Last week, the Senate confirmed Califf to head the FDA, overcoming objections from some senators that his agency has not done enough to combat painkiller abuse. In remarks at FDA’s headquarters, Califf laid out his strategy for addressing the epidemic of abuse tied to opioids, which include both legal pain drugs and illegal narcotics like heroin. In 2014, fatal overdoses tied to those drugs climbed to about 28,000, the highest number on record, according to public health officials.
“What we can do is work with prescribers, professional associations, patient advocates and state and local partners — essentially the entire country — to encourage safe use and disposal of opioid medications,” Califf said.
Califf has already pledged to add stronger warning labels to the most-commonly prescribed opioids, and to consult more with outside advisers. On Tuesday he highlighted the potential of new painkillers designed to discourage abuse. For instance, the latest version of OxyContin is harder to crush for snorting. When dissolved it turns into a thick jelly that is difficult to inject.
Califf acknowledged that such drugs are not full-proof solutions. “But the promise that we are on a path toward products that are effective in preventing abuse both by patients and non-patients is real. And the agency intends to fully support efforts to advance this technology,” he said.

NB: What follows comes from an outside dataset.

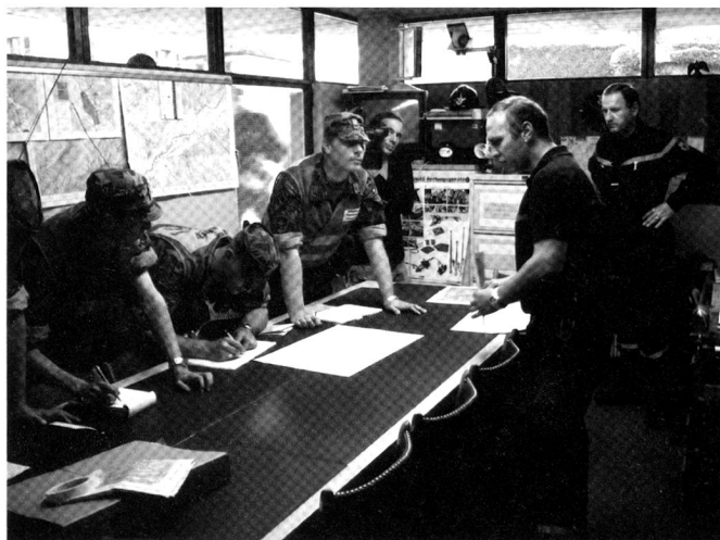
Cadres des troupes de sauvetage durant un rapport de coordination.

The FDA has approved five abuse-deterrent drugs since 2010. FDA officials say at least 30 similar drugs are in development. But public speakers warned that overstating the benefits of abuse-resistant opioids could create false assurances in doctors. To date, it’s not clear the new formulations actually translate into fewer overdoses or deaths. And most can still be abused when simply swallowed. “I am not convinced that we can engineer our way out of this epidemic, and I would caution against over-relying on abuse deterrent formulations to do so,” said Dr. Caleb Alexander of Johns Hopkins University.
Today, reformulated painkillers make up just a small fraction of the 200 million opioid prescriptions written each year in the U.S., according to figures from IMS Health. Doctors prescribe opioids for a wide range of ailments, from post-surgical pain to arthritis and migraines. Medical experts continue to disagree over the appropriate role of the drugs, with some arguing that they should only be used for the most severe cases, such as cancer pain or end-of-life care.

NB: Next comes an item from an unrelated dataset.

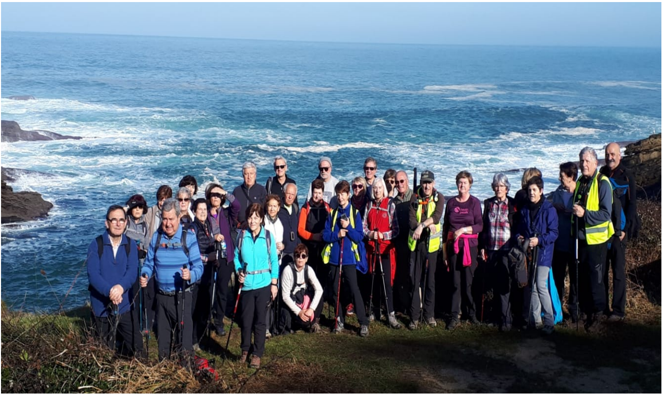
Talde osoaren argazkia, itsasoko ertzaren ondoan

Among other steps, the FDA is requiring additional studies from painkiller manufacturers to assess the long-term safety and effectiveness of long-acting opioids for chronic pain. Most were approved based on studies lasting three months or less. But Califf noted it would be challenging for the agency to withdraw older opioids from the market, including numerous generic versions of oxycodone, codeine and morphine. “The FDA cannot withdraw a drug from the market without new evidence that the drug is no longer shown to be safe,” he said. “The process can be time-consuming and very resource-intensive.”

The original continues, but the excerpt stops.